(Given data)
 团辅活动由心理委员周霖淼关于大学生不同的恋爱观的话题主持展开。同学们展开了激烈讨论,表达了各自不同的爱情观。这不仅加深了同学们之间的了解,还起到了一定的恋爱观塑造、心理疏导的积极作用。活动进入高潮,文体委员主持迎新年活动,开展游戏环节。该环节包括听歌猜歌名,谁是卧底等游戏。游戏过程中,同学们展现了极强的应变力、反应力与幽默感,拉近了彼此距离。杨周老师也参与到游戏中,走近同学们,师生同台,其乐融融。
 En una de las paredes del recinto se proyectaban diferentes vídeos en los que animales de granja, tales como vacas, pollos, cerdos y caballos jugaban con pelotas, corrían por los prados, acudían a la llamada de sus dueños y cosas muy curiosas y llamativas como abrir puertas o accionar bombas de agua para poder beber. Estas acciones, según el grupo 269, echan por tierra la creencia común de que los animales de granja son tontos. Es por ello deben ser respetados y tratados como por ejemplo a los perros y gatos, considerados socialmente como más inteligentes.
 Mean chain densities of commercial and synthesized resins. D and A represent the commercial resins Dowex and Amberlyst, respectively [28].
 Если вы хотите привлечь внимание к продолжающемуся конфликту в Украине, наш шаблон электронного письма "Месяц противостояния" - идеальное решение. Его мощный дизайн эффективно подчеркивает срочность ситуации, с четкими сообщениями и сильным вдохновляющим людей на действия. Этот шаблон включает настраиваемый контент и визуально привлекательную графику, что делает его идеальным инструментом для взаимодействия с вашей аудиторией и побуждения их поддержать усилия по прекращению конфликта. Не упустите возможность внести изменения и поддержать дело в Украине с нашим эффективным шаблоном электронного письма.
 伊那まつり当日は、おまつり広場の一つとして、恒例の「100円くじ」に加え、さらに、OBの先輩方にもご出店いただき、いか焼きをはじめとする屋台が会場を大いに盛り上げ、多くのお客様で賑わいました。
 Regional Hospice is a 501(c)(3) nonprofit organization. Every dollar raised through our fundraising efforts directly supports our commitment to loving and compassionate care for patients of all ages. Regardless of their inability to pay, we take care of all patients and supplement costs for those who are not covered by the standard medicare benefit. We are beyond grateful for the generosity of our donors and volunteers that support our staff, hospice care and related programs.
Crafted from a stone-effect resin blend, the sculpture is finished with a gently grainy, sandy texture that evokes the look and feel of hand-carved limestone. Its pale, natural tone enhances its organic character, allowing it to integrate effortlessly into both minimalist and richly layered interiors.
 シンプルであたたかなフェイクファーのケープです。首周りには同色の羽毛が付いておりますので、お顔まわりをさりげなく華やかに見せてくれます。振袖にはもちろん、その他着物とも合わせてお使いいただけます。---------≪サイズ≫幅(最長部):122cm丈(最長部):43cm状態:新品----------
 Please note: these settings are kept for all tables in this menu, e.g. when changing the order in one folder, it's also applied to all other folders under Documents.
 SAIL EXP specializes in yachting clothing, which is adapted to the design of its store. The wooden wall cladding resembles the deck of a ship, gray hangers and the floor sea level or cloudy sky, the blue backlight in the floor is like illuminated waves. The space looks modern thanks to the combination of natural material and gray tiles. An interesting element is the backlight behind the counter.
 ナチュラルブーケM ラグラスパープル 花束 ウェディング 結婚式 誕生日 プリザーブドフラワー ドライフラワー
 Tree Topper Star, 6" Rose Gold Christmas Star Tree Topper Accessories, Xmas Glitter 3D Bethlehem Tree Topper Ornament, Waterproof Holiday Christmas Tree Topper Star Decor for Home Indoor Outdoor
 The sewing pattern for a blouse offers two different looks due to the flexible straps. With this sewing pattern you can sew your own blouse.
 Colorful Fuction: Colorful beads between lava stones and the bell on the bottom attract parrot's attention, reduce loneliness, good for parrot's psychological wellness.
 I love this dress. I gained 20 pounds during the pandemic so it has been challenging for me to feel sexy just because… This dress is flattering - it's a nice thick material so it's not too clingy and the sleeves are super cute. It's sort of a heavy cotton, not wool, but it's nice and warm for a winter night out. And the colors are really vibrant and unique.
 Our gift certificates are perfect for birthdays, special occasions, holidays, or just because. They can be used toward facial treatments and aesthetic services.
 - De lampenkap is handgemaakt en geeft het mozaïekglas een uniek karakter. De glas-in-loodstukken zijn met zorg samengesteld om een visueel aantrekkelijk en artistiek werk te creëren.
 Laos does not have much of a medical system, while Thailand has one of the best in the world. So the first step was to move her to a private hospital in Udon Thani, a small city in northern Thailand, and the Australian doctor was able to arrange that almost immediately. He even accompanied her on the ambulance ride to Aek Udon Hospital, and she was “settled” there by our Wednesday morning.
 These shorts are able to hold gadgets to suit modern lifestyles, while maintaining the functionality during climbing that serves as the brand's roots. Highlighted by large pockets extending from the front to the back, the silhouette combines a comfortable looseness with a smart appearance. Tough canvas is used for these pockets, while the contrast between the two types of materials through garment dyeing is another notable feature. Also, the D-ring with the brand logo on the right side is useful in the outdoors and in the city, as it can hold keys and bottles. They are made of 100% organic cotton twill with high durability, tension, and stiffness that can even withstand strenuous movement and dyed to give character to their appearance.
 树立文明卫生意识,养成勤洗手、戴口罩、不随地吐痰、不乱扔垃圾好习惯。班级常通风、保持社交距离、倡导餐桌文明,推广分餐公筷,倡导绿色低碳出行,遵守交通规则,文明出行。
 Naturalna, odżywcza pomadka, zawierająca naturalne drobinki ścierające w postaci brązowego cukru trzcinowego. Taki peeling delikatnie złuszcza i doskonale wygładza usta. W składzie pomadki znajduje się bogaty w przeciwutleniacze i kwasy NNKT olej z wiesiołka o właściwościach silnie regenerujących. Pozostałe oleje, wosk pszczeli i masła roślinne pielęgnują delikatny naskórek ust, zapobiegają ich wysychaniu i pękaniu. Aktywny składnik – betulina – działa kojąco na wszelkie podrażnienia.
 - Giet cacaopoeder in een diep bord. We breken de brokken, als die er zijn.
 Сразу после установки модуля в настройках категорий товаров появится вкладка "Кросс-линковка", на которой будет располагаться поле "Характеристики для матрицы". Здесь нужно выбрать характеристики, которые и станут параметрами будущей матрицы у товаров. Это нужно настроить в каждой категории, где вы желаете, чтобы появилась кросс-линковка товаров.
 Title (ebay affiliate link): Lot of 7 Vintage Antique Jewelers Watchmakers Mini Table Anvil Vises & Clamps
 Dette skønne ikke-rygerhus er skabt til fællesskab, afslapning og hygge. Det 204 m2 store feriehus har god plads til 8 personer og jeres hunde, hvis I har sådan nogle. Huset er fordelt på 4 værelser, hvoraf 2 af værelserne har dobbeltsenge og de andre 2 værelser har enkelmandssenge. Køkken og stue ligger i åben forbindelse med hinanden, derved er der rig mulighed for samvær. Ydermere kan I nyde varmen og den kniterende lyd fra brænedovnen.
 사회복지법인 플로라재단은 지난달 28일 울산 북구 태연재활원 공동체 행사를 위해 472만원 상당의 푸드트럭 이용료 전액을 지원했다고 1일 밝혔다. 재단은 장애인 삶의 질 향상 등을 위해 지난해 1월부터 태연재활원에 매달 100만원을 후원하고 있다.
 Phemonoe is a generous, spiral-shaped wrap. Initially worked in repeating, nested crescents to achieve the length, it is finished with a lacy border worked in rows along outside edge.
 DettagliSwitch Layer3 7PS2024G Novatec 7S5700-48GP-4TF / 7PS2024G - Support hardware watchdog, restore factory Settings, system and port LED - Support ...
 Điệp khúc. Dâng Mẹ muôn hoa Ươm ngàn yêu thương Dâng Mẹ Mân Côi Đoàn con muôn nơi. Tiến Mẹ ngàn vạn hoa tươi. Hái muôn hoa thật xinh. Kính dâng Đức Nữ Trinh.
(End Given data)
What you write must be the entries restated word for word, from the opening line through the one holding "伊那まつり当日は、おまつり広", with nothing else.

### Solution
 团辅活动由心理委员周霖淼关于大学生不同的恋爱观的话题主持展开。同学们展开了激烈讨论,表达了各自不同的爱情观。这不仅加深了同学们之间的了解,还起到了一定的恋爱观塑造、心理疏导的积极作用。活动进入高潮,文体委员主持迎新年活动,开展游戏环节。该环节包括听歌猜歌名,谁是卧底等游戏。游戏过程中,同学们展现了极强的应变力、反应力与幽默感,拉近了彼此距离。杨周老师也参与到游戏中,走近同学们,师生同台,其乐融融。
 En una de las paredes del recinto se proyectaban diferentes vídeos en los que animales de granja, tales como vacas, pollos, cerdos y caballos jugaban con pelotas, corrían por los prados, acudían a la llamada de sus dueños y cosas muy curiosas y llamativas como abrir puertas o accionar bombas de agua para poder beber. Estas acciones, según el grupo 269, echan por tierra la creencia común de que los animales de granja son tontos. Es por ello deben ser respetados y tratados como por ejemplo a los perros y gatos, considerados socialmente como más inteligentes.
 Mean chain densities of commercial and synthesized resins. D and A represent the commercial resins Dowex and Amberlyst, respectively [28].
 Если вы хотите привлечь внимание к продолжающемуся конфликту в Украине, наш шаблон электронного письма "Месяц противостояния" - идеальное решение. Его мощный дизайн эффективно подчеркивает срочность ситуации, с четкими сообщениями и сильным вдохновляющим людей на действия. Этот шаблон включает настраиваемый контент и визуально привлекательную графику, что делает его идеальным инструментом для взаимодействия с вашей аудиторией и побуждения их поддержать усилия по прекращению конфликта. Не упустите возможность внести изменения и поддержать дело в Украине с нашим эффективным шаблоном электронного письма.
 伊那まつり当日は、おまつり広場の一つとして、恒例の「100円くじ」に加え、さらに、OBの先輩方にもご出店いただき、いか焼きをはじめとする屋台が会場を大いに盛り上げ、多くのお客様で賑わいました。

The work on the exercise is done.